Dataset items:

= = = = = = =

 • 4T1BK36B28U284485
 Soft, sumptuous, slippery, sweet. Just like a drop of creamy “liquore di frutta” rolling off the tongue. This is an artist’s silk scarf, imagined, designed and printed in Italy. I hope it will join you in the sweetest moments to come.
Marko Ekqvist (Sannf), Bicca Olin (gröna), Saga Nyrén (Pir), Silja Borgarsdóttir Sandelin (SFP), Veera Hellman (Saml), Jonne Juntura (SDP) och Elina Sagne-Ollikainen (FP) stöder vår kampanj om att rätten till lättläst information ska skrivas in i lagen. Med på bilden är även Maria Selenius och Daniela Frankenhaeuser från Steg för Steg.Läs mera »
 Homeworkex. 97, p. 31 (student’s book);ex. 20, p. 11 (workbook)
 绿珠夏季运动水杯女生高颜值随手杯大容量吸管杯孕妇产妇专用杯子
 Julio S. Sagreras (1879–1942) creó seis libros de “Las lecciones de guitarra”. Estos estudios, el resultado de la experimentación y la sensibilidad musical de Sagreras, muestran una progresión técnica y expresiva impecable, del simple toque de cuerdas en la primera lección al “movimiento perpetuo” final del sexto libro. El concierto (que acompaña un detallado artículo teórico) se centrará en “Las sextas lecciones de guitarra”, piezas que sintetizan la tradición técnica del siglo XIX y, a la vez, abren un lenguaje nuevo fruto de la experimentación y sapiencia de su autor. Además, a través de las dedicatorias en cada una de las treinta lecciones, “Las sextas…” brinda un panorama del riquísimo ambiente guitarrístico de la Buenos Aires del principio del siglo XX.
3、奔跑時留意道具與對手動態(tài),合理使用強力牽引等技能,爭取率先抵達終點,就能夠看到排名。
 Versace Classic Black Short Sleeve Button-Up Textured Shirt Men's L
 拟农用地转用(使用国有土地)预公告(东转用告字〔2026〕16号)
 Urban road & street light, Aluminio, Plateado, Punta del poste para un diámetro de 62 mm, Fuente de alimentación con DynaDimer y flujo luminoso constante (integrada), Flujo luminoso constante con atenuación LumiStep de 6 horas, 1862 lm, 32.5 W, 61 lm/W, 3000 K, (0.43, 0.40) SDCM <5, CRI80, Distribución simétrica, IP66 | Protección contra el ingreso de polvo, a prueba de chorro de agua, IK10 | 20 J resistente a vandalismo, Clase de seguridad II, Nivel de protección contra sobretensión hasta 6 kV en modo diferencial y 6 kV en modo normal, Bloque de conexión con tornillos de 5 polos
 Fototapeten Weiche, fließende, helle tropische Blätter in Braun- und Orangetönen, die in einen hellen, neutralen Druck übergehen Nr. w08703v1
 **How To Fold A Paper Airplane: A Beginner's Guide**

= = = = = = =

WHAT TO DO:
No line before the one with "Fototapeten Weiche, fließende, helle" belongs in the answer; copy that line and the rest of the records exactly.

ANSWER:
 Fototapeten Weiche, fließende, helle tropische Blätter in Braun- und Orangetönen, die in einen hellen, neutralen Druck übergehen Nr. w08703v1
 **How To Fold A Paper Airplane: A Beginner's Guide**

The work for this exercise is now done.